Cumhuriyet kararı çok önemli ve değerli

- Cumhuriyet gazetesi, Cumhurbaşkanı Abdullah Gül’ün 1995 yılında Guardian gazetesine verdiği, artık Cumhuriyetin sonunun geldiği ve laik sistemi değiştirmeyi hedefledikleri yolundaki demecini yayımladığı için yayın durdurma kararını götürdüğü Avrupa İnsan Hakları Mahkemesi (AİHM) bunun “ifade ve basın özgürlüğünün ağır ihlali” olduğu biçiminde yorumladı ve oybirliğiyle Türkiye’yi mahkûm etme kararı aldı. Bunu nasıl karşıladınız?
Ü.K.- Bu çok önemli ve değerli bir karar. İleriye yönelik de çok önemli bir dayanak teşkil edecektir.
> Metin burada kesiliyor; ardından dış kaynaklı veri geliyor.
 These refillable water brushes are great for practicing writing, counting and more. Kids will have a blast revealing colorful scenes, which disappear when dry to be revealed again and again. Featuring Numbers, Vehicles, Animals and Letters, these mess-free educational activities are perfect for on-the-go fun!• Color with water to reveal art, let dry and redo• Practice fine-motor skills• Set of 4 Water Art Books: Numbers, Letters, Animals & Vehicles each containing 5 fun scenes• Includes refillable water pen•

Bu sadece bu karar açısından önem taşımıyor. Hafızaları tazelemesi bakımından da önemli. Çünkü Başbakan’ın zamanında, “Hem laik hem Müslüman olunmaz”, “Demokrasi amaç hasıl olunca ineceğin bir tramvaydır” gibi ifadeleri unutuluyor.
O zaman Cumhurbaşkanımız, “Türkiye’de Cumhuriyetin sonu geldi. Biz kesinlikle laik sistemi değiştirmek istiyoruz” dedi. Şimdi o demokrasi nutuklarının, paketlerin ne kadar hikâye olduğunu, asıl hedeflerinin Cumhuriyeti yıkmak, laikliği ortadan kaldırmak olduğunu bundan daha iyi ifade eden bir şey olamaz.
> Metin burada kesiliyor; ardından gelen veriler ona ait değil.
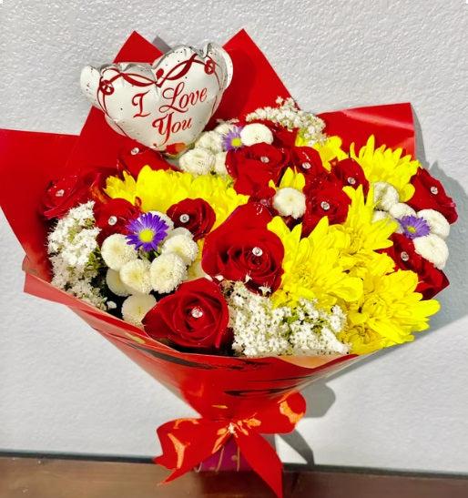 Red Roses, yellow pom Poms beautiful arranged filled with baby’s breath and assorted greenery.

Öte yandan karar AİHM’nin zaten öteden beri basın özgürlüğüyle ilgili kararlarıyla tam uyum içinde. Demokrasiden söz ederek demokrat olunmaz. Uygulamalar önemli. Bir demokrasiyi diktatörlükten ayıran en önemli husus denetimdir. İstikrar deniyor. Mesele istikrarsa en istikrarlı sistem diktatörlüktür. Ne seçim, ne tartışma, ne farklı fikir vardır diktatörlüklerde. Demokrasi ise kuvvetler ayrılığına dayalı bir denetim rejimidir.
Orada siyasi, toplumsal ve yargısal denetimdir. Siyasi denetimi muhalefet, toplumsal denetimi bağımsız medya, yargısal denetim de millet adına bağımsız ve tarafsız yargı tarafından yapılır. Medyanın önemi toplum adına toplumsal denetimi gerçekleştirmektir.

Pakette basın özgürlüğü yok

- İyi de hükümetin demokratikleşme paketinde basın ve ifade özgürlüğüyle ilgili hiçbir atıf olmamasını nasıl değerlendiriyorsunuz?
Ü.K.- Onlar yok ama kamuda, okullarda türbana özgürlük var. AİHM’nin İsviçre’deki Dahlap kararına baksınlar. Kararda, öğretmenin başörtüsüyle ilgili olarak şunu söylüyor: “Bu bir özgürlük meselesi değildir. Devletin eğitimde tarafsız olması gerekir. Tarafsız olması gereken, devleti temsil eden öğretmenlerin de hiçbir siyasi ya da dini simgeyi taşımaması tarafsızlığın hem gereği hem de okulların çatışma alanı olmaması, orada barış tesis edilmesinin vazgeçilmez unsurudur.”
AİHM bu kararları alıyor ama bu siyasi iktidarın bunlara uyma yönünde herhangi bir niyeti söz konusu değil. Demokrasi paketi diyorlar. Ama bu zihniyetten hiçbir şekilde demokrasi geleceğine inanmıyorum. Bu pakette ne basın özgürlüğüyle, ne toplantı ve gösteri yürüyüşleriyle ilgili özgürlükler ne terörle mücadele kanununun değiştirilmesiyle ilgili herhangi ibare yok.
Parasız eğitim istediği için pankart açan öğrenciler terör örgütü üyesi olmaktan ceza alıyorsa, en masum gösteriler en sert polis müdahalesiyle karşılaşıp insanlar yaralanıyor, polis marifetiyle öldürülüyorsa ve polisin bütün bu yaptıkları cezai takibata uğramak yerine Başbakan tarafından, “Polisimiz destan yazdı” diye taltif ediliyorsa bu zihniyetten demokrasi filan çıkmaz.